:: INFORMATION ::

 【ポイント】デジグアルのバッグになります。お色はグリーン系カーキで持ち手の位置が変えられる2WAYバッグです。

:::
:: INFORMATION ::

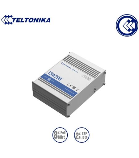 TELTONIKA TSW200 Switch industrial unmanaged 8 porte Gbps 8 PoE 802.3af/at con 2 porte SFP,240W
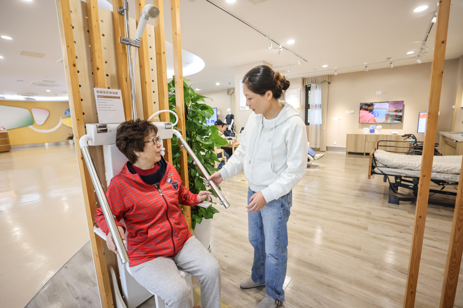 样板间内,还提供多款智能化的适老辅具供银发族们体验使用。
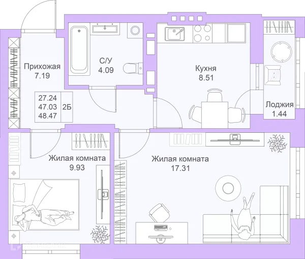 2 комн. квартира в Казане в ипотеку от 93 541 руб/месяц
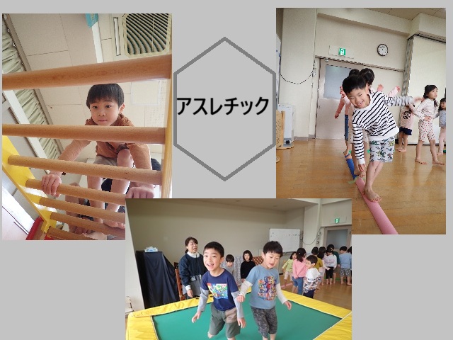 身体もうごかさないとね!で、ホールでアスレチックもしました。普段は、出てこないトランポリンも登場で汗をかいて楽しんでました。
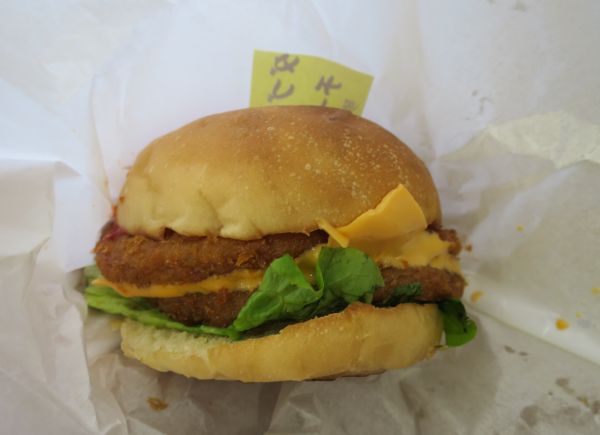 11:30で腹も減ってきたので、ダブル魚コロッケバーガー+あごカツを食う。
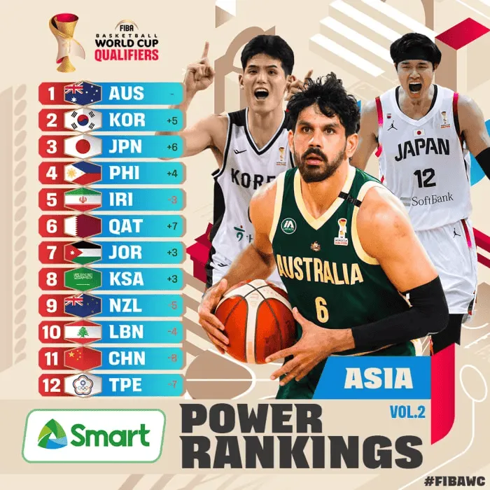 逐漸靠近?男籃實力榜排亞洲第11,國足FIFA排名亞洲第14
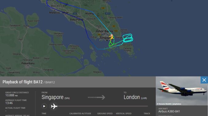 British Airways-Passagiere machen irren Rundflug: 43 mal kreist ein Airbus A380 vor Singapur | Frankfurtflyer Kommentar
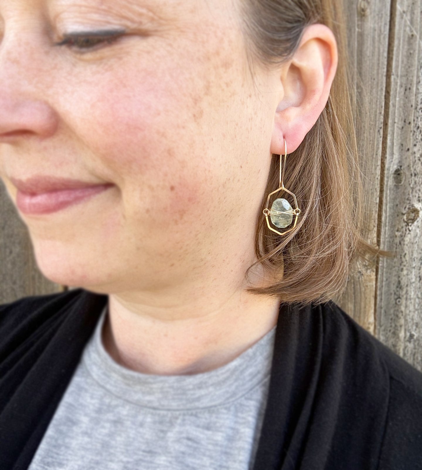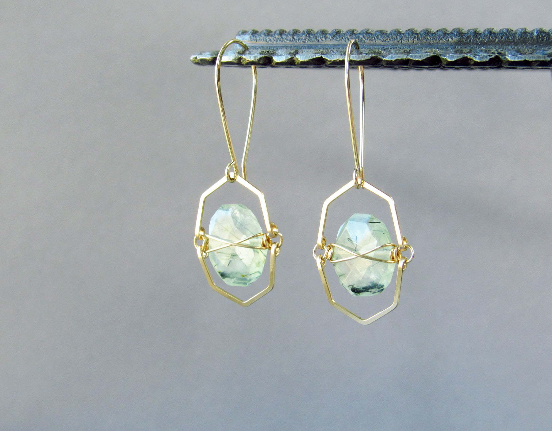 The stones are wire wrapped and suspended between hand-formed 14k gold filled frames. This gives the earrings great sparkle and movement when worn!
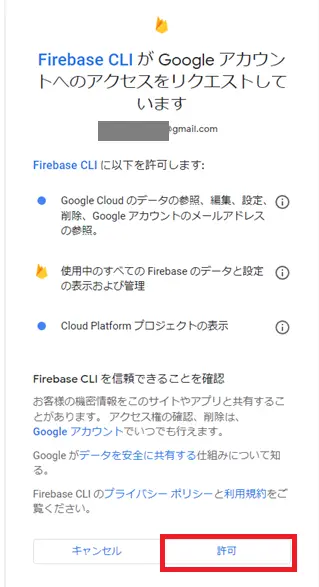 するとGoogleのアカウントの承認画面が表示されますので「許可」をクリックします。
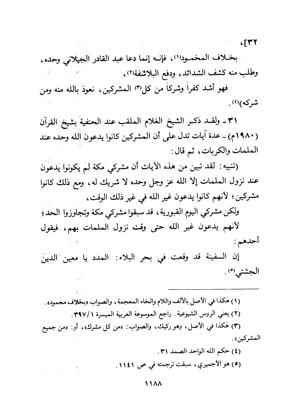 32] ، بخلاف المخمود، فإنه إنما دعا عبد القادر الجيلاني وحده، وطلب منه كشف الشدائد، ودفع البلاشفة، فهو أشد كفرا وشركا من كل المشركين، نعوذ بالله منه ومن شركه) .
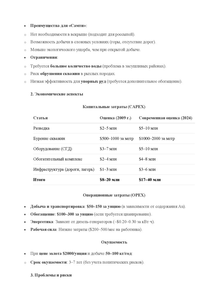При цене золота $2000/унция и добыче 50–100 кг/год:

:::

→ WORK TO COMPLETE:
Transcribe the listing above exactly, but only from the line with "2 комн. квартира" through the line with "При цене золота". Include both of those lines and omit the pictures.

→ WRITTEN RESPONSE:
 2 комн. квартира в Казане в ипотеку от 93 541 руб/месяц
 身体もうごかさないとね!で、ホールでアスレチックもしました。普段は、出てこないトランポリンも登場で汗をかいて楽しんでました。
 11:30で腹も減ってきたので、ダブル魚コロッケバーガー+あごカツを食う。
 逐漸靠近?男籃實力榜排亞洲第11,國足FIFA排名亞洲第14
 British Airways-Passagiere machen irren Rundflug: 43 mal kreist ein Airbus A380 vor Singapur | Frankfurtflyer Kommentar
 The stones are wire wrapped and suspended between hand-formed 14k gold filled frames. This gives the earrings great sparkle and movement when worn!
 するとGoogleのアカウントの承認画面が表示されますので「許可」をクリックします。
 32] ، بخلاف المخمود، فإنه إنما دعا عبد القادر الجيلاني وحده، وطلب منه كشف الشدائد، ودفع البلاشفة، فهو أشد كفرا وشركا من كل المشركين، نعوذ بالله منه ومن شركه) .
При цене золота $2000/унция и добыче 50–100 кг/год:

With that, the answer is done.